This repressed state is alleviated in many cancers. A loss of DNA methylation in the CpG rich LINE-1 promoter sequences is documented to occur in a broad variety of cancers, e.g. colon, lung, prostate and breast cancer, hepatocellular and gastric carcinoma, chronic lymphocytic leukemia (CLL) and this loss contribute to “genome-wide” or “global” DNA hypomethylation [25,27]. Loss of methylation at LINE-1 promoters is thought to favor a gain of transcriptional competence. It is estimated that about 3000 full-length LINE-1s exist in a human genome, of which about 100 contain intact open reading frames [26], which could become expressed if they became more euchromatic and accessible.

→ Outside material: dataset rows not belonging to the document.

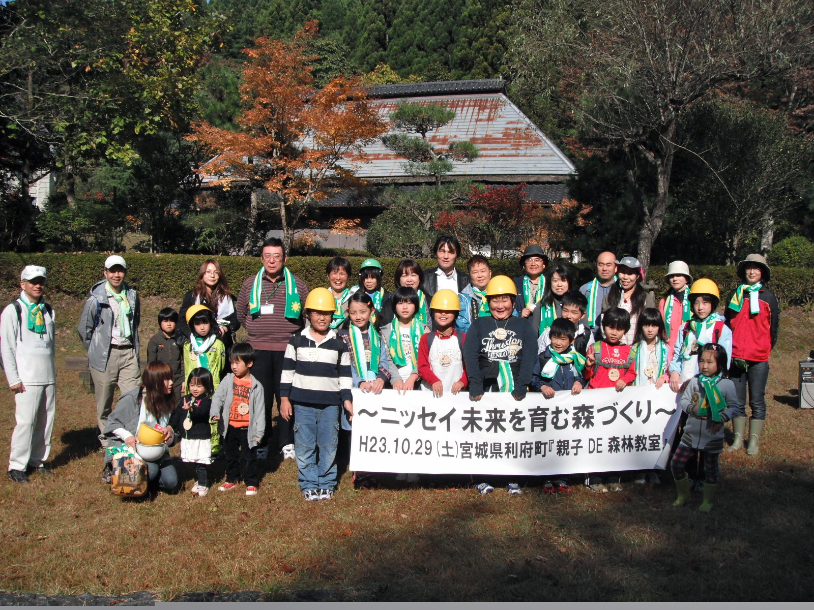 10月29日(土)好天の下、塩竈市、山元町で被災された親子の方々を招待してニッセイ利府の森で森林教室を開催しました。午前中は植樹、枝払い等の森づくり体験、更にはノコギリを使っての巣箱づくりに汗を流し、お昼は美味しい芋煮に舌鼓、午後は森と遊ぶをテーマに、森の不思議にチャレンジするビンゴとこんなものまで作れるのという木工教室に挑戦。あっという間の一日でした。宮城県森林インストラクター協会、NPO法人地球の楽好他の協力を得て、参加者からはまた来たいとの声が相次ぐ催しとなりました。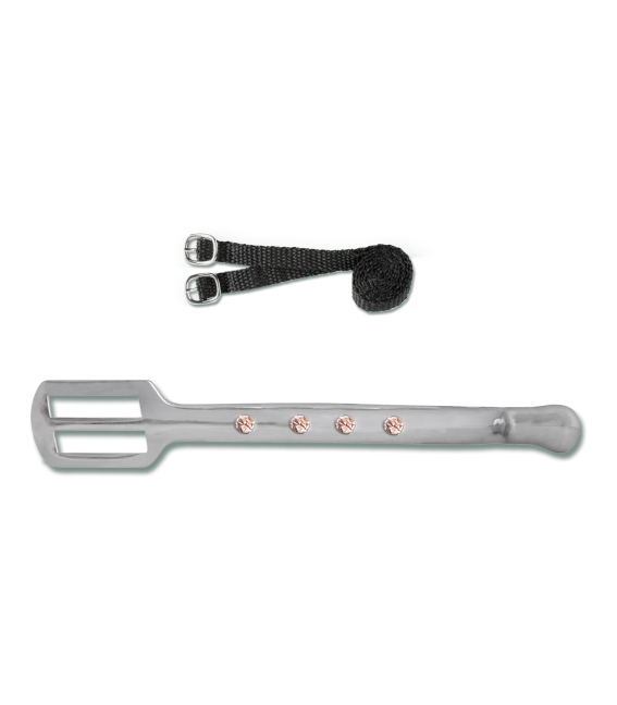 Классические шпоры-капельки из нержавеющей стали с нейлоновыми тренчиками в комплекте. Шпоры украшены четырьмя сверкающими стразами.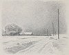 GUNNAR LYTH. Vinterlandskap, teckning, signerad.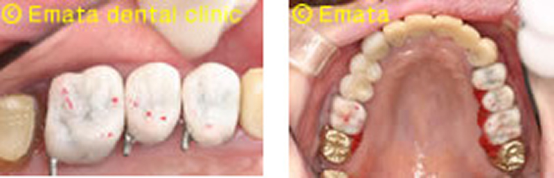 全顎的治療する場合や、歯の欠損が多い場合は噛み合わせにいろいろな問題点が生じ、適正な噛み合わせにしないといけません。プロビジョナルレストレーションという仮歯のようなものを口腔内に装着し治療していき、咬合の安定を厳密にチェックしていきます。歯を長持ちさせるためにいちばん重要な治療過程です。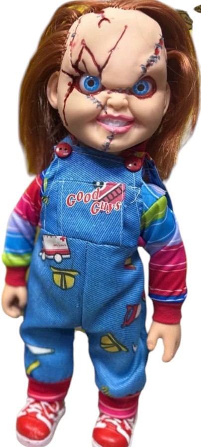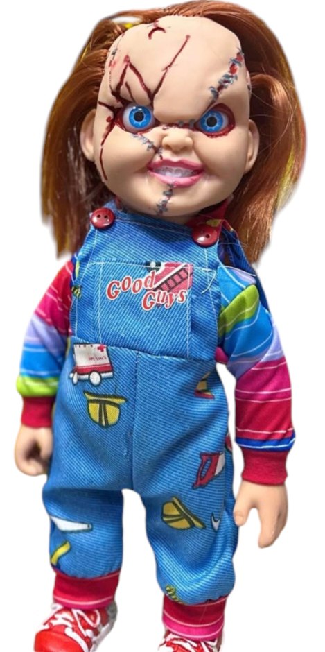 Esta versión de Chucky es la que muestra el daño acumulado de sus constantes regresos y enfrentamientos, con la cara desfigurada por costuras, cortes y quemaduras. Su diseño, que combina la inocencia infantil de un muñeco “Good Guys” con la maldad pura de un psicópata, es lo que lo ha convertido en un ícono inmortal del género de terror.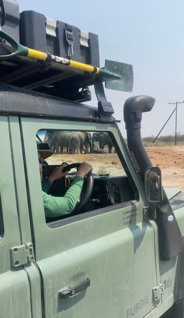 The road to Maun provides little distraction, so we stick to our podcasts and audiobooks. Gaspard listens to geopolitics, Javi to neuroscience (Huberman Lab). From time to time we see a warning “potholes ahead” which basically means the tarmac disappear to leave a dirt road.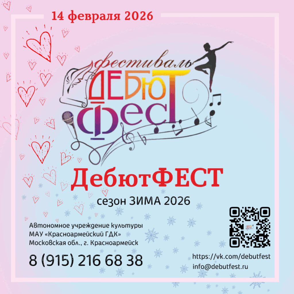 📌 18 октября 2025 и 14 февраля 2026 — Российский открытый фестиваль-конкурс «ДебютФест»;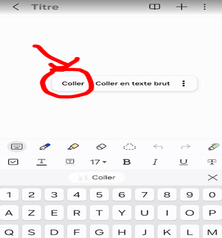 Puis appui long jusqu’à l’apparition du menu d’édition et « coller »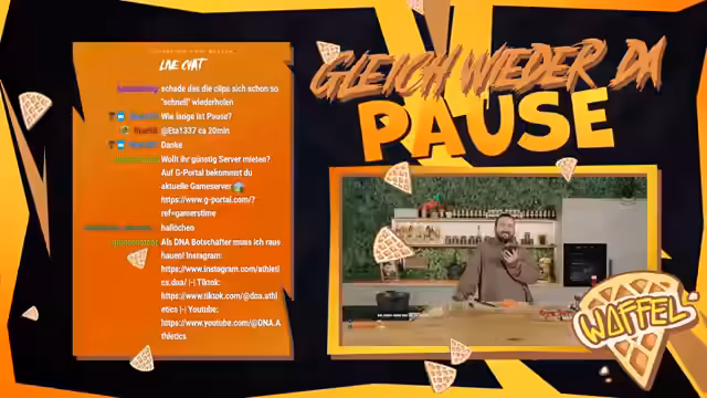 01:50:53Es kommt zu einer persönlichen Diskussion über Vorlieben und Abneigungen. Der Streamer spricht über seine Abneigung gegen Parmesan und Käse im Allgemeinen. Der Fokus verlagert sich dann komplett zum Backen, was er offenbar hasst. Dennoch kündigt er an, zusammen mit einem Gast Muffins zu backen, was das Team für den folgenden Mittwoch-Brunch benötigt.

DNA hypomethylation of LINE-1 retrotransposons is, in particular, an early and very frequent epigenetic event during urothelial carcinogenesis [25], occurring in over 90% of all cases [28,29]. There is accumulating evidence that this is associated with increased levels of full-length LINE-1 transcripts [30]. Of note, LINE-1 hypomethylation is associated with cancer progression, becoming more pronounced in high-stage and high-grade cancer [31,32].

In contrast to bladder cancer, global LINE-1 hypomethylation is a late event in prostate carcinogenesis and is clearly associated with tumor progression [31,28,33]. Here hypomethylation increases with tumor grade and stage and particularly pronounced hypomethylation is seen in lymph node-positive tumors [31]. Analyses on mortality from prostate cancer stratified for the Gleason score revealed that LINE-1 hypomethylation was associated with mortality in patients with higher Gleason scores of at least 8 [33]. These data suggest that increased mortality from prostate cancer is associated with lower levels of LINE-1 methylation in the tumor tissue.

In conclusion, I wish to suggest here that CRISPR/Cas targeting of hypomethylated LINE-1 elements in cancer could lead to a selective disruption of cancer DNA and subsequently cause cancer cell death while sparing healthy somatic cells. It could be helpful that these repetitive DNA elements are scattered in large numbers over the whole genome, presenting multiple targets, so that it might be possible to overcome residual cancer cell DNA repair mechanisms by simply adjusting the above discussed methodological parameters. Among DNA damages, double-strand breaks (DSBs) are one of the most harmful, considered to be lethal lesions to a cell [34]. A hierarchical signaling pathway is orchestrated by various proteins that sense DNA damages, transduces the signals to the effectors, and determines the cell fate [35]. When DNA damages are too severe and unrepairable, cells are forced to undergo programmed cell death [35]. Noteworthy, the expression of DSB repair genes is disturbed in various cancers, which has been exploited by using genotoxic agents to generate DNA double-strand breaks as an intermediate in radio- and chemotherapy strategies [34].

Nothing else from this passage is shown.